SINCE moving from 8.30 p.m. to 6 a.m., Radio 2's Sunday Half
Hour has secured more than double its previous number of
listeners, the station reported last week.
About 480,000 people now tune into the programme, a compilation
of choral music, hymns, and prayers, compared with 204,000 at the
later time.
"It's really exceeded our hopes," the Controller of Radio 2, Bob
Shennan, said on Thursday of last week. "But we always wanted to
put the programme into a bigger and more prominent slot, and we're
really pleased that the audience has taken to it so well."

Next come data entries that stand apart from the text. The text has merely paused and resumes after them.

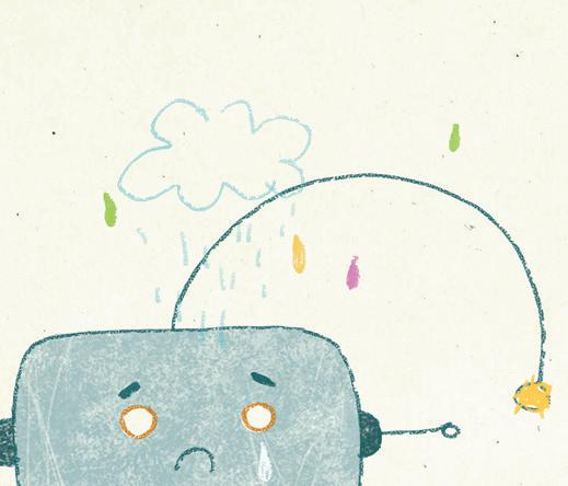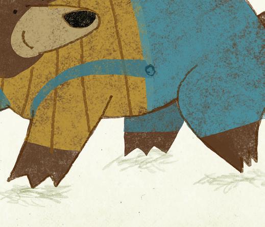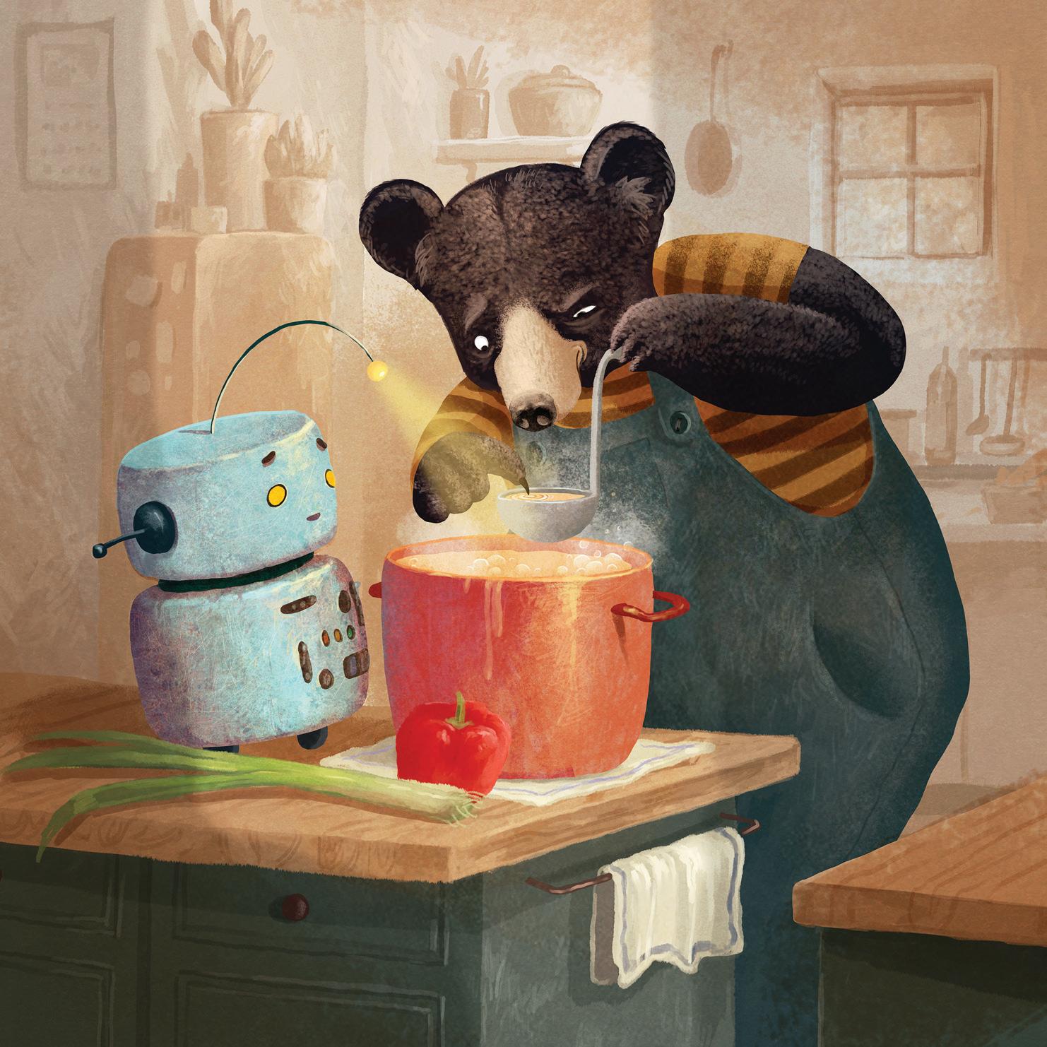 Hledali šroubek s Medvědem, ale nenašli ho. Medvěd by rád Robůtka utěšil, jenže nevěděl jak. Roboti se přece na koně neberou, pomyslel si.
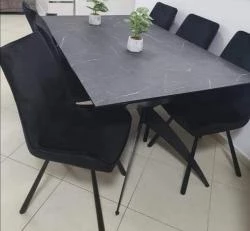 שולחן אוכל שנפתח עד 4.80 מטר עם פלטה דמוי שיש/פורמייקה
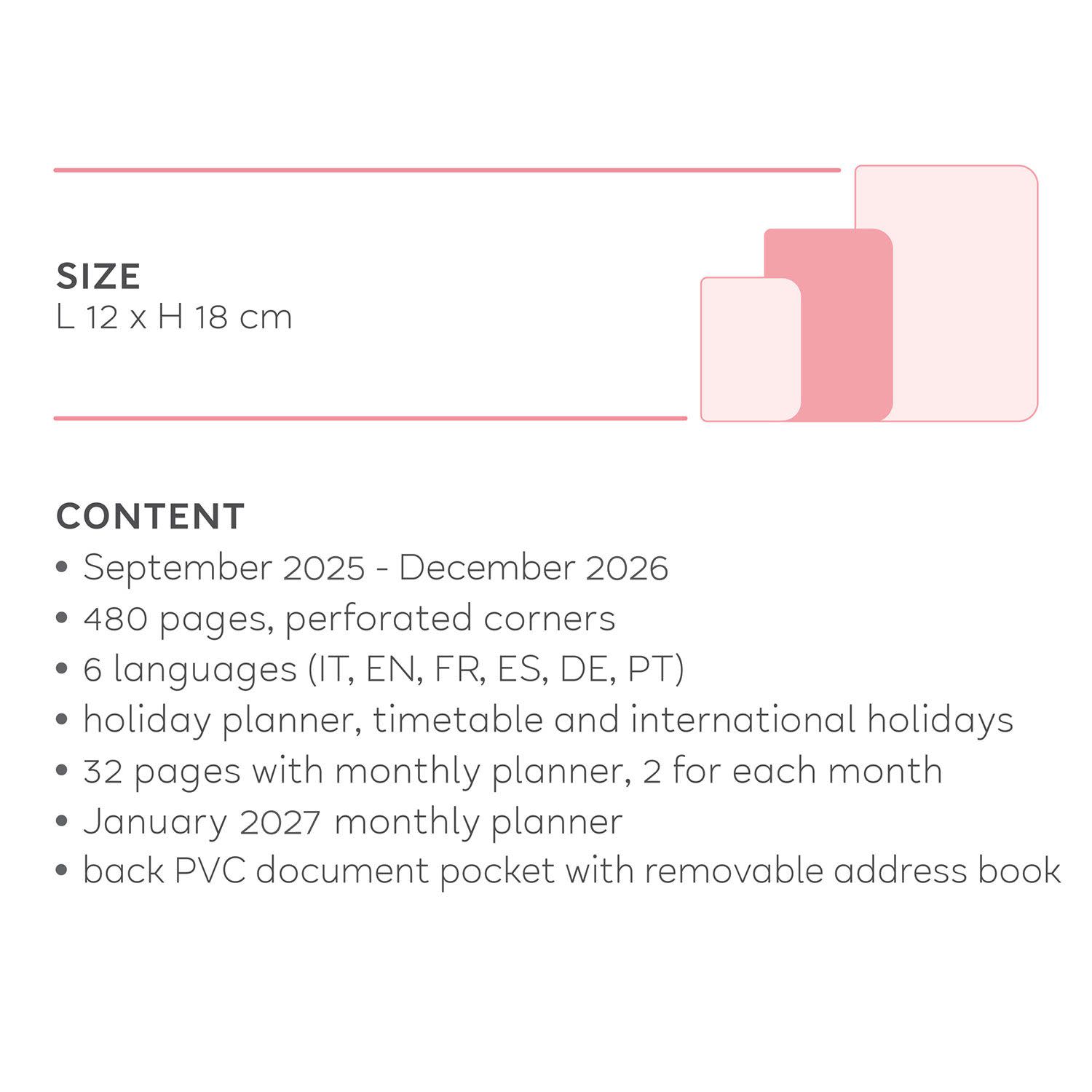 Υπάρχει επίσης ένα χρήσιμο planner διακοπών, ένα planner διπλής σελίδας για κάθε μήνα, συμπεριλαμβανομένου του Ιανουαρίου 2026, και διάτρητες γωνίες που μπορείς να κόβεις στο τέλος κάθε ημέρας, ώστε να διευκολύνεις την εύρεση της σημερινής ημερομηνίας. Τέλος, διαθέτει κλείσιμο με λάστιχο και πίσω τσέπη, για εύχρηστη αποθήκευση εγγράφων.

The rescheduling, announced in January, prompted protests from
listeners (News,
11 January). Leigh Hatts, the author of London's 100 Best
Churches, said that it was an- other example of the BBC's
sidelining of religion. Mr Shennan argued at the time that the 6-9
a.m. slot was "peak listening time", with more than double the
number of listeners than on Sunday evenings (
Letters, 1 February).
He said that the team had "really agonised" over the
decision. "But I think we have now created a programme from which
we can build." He announced that a Christmas edition was planned,
in celebration of the carol: "I honestly don't believe we would
have thought of doing that before."
Sunday Half Hour peaked in 2000, with 500,000
listeners, but by 2012 this had more than halved, despite the
station's achieving a dramatic increase in its audience.
Of the current audience of the programme, 43 per cent are over
65, a similar proportion to previously.
"What is really good is, because the audience is so much bigger,
we have got an awful lot more older listeners," Mr Shennan
said.
The station's Good Morning Sunday has also increased
its audience, to 2.3 million.
"We are reaching the best part of three million people every
morning on Radio 2," said Mr Shennan. "It's really exciting."